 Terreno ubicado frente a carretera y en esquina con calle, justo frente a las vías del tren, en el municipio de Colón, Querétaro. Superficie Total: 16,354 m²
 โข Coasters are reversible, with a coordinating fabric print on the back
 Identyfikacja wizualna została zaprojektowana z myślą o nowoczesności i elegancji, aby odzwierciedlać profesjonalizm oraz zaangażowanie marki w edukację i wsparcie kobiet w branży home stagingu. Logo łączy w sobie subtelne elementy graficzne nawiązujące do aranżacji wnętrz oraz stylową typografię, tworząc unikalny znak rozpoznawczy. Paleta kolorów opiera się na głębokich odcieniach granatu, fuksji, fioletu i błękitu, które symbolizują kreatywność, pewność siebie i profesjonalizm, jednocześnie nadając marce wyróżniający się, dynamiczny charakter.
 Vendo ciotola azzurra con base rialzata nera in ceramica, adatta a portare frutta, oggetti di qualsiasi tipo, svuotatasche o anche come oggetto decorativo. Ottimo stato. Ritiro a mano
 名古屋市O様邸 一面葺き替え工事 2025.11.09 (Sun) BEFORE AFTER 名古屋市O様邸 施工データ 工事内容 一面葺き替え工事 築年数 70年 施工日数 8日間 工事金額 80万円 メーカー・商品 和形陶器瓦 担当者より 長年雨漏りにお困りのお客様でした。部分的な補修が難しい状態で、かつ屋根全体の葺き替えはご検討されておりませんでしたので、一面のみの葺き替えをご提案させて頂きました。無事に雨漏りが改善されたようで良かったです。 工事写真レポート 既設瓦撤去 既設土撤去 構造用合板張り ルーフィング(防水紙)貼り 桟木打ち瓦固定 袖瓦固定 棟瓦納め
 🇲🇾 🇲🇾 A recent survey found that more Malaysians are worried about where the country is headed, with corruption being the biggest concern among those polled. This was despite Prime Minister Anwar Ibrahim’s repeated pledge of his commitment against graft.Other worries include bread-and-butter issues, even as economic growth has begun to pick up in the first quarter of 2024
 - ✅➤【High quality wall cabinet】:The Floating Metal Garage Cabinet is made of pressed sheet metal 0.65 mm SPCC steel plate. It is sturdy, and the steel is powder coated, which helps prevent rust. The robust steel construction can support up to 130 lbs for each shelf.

• • • •

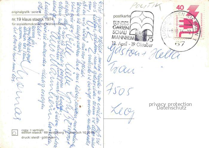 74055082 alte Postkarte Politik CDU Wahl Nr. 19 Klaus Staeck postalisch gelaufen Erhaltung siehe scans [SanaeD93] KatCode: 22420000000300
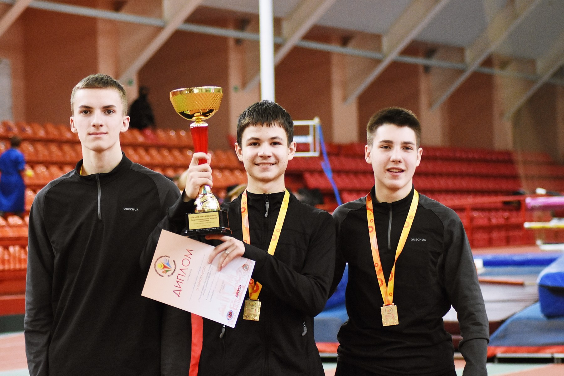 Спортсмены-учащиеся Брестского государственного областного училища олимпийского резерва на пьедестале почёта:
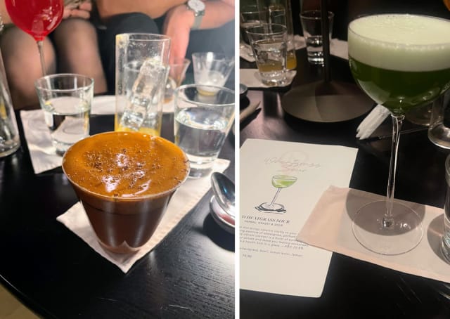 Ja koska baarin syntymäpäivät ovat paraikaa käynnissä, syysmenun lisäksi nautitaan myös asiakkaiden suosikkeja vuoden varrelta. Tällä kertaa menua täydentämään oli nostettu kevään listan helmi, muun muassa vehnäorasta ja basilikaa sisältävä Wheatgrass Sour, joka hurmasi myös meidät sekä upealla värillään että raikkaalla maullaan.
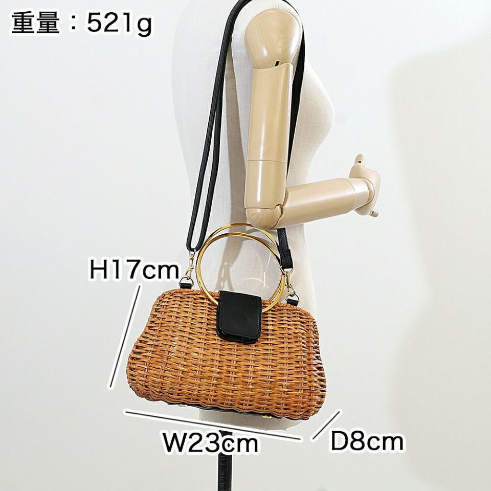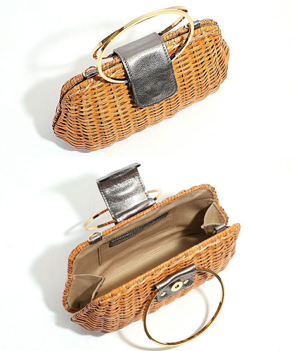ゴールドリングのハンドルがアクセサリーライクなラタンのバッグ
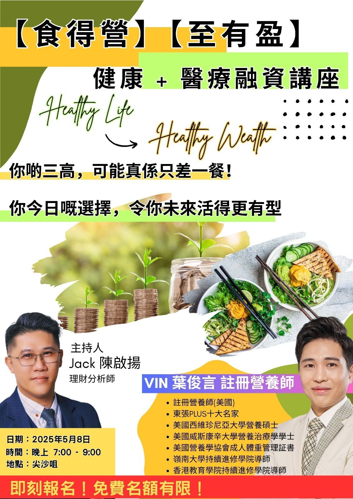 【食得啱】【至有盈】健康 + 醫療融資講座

• • • •

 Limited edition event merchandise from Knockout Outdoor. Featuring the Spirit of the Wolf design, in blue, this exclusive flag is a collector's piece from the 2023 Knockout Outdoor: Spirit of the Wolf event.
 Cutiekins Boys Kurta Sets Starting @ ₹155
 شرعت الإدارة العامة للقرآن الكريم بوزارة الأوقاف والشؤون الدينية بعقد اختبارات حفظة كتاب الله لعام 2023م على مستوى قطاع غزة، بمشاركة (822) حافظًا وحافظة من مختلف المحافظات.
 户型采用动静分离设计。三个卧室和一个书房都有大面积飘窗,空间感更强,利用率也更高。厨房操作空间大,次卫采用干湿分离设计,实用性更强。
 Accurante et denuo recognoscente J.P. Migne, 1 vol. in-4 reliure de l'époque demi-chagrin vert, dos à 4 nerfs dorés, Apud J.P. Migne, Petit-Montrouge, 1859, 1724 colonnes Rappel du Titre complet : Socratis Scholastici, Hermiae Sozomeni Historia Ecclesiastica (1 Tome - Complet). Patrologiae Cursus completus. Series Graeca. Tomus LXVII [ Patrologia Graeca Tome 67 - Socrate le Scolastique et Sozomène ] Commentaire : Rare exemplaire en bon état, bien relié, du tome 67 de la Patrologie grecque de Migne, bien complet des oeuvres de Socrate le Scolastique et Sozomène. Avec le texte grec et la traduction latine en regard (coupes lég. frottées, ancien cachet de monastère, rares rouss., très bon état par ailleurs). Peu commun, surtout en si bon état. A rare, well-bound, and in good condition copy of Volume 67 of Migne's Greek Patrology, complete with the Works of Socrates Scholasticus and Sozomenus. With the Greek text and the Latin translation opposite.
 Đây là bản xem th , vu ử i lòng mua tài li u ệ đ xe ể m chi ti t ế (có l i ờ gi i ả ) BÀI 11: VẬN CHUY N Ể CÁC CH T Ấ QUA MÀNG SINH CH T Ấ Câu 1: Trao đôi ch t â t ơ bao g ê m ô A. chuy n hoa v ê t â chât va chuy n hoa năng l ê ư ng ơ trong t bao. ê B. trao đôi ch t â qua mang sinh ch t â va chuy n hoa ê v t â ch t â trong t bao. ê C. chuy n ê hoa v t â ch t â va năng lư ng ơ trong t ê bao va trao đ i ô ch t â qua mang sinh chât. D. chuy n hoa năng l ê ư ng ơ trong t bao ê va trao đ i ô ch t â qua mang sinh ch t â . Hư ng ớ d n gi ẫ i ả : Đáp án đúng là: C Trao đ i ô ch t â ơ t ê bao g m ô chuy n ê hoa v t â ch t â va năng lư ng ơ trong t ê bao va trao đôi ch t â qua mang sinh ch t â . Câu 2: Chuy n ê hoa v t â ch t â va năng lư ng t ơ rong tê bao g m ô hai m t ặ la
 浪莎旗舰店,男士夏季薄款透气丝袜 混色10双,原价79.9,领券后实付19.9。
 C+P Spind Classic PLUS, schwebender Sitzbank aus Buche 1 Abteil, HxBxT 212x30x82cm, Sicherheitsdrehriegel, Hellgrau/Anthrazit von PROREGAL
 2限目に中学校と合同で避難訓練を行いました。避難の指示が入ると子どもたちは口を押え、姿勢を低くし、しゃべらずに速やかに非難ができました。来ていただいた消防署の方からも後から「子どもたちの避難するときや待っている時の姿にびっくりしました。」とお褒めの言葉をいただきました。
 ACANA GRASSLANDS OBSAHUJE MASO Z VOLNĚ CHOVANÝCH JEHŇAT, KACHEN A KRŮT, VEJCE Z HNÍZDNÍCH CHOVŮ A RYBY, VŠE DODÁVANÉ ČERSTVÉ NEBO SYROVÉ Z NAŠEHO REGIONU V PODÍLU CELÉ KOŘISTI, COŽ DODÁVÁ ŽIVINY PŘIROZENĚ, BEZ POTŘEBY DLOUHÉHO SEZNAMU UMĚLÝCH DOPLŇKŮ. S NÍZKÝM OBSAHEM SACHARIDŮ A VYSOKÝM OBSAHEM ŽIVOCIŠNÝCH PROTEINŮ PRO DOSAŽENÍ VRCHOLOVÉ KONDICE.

• • • •

■ **About this task**
Using the data above, repeat exactly the lines that begin at the line with "2限目に中学校と合同で避難訓" and end at the line with "ACANA GRASSLANDS OBSAHUJE", both ends included.

■ **Exercise response**
 2限目に中学校と合同で避難訓練を行いました。避難の指示が入ると子どもたちは口を押え、姿勢を低くし、しゃべらずに速やかに非難ができました。来ていただいた消防署の方からも後から「子どもたちの避難するときや待っている時の姿にびっくりしました。」とお褒めの言葉をいただきました。
 ACANA GRASSLANDS OBSAHUJE MASO Z VOLNĚ CHOVANÝCH JEHŇAT, KACHEN A KRŮT, VEJCE Z HNÍZDNÍCH CHOVŮ A RYBY, VŠE DODÁVANÉ ČERSTVÉ NEBO SYROVÉ Z NAŠEHO REGIONU V PODÍLU CELÉ KOŘISTI, COŽ DODÁVÁ ŽIVINY PŘIROZENĚ, BEZ POTŘEBY DLOUHÉHO SEZNAMU UMĚLÝCH DOPLŇKŮ. S NÍZKÝM OBSAHEM SACHARIDŮ A VYSOKÝM OBSAHEM ŽIVOCIŠNÝCH PROTEINŮ PRO DOSAŽENÍ VRCHOLOVÉ KONDICE.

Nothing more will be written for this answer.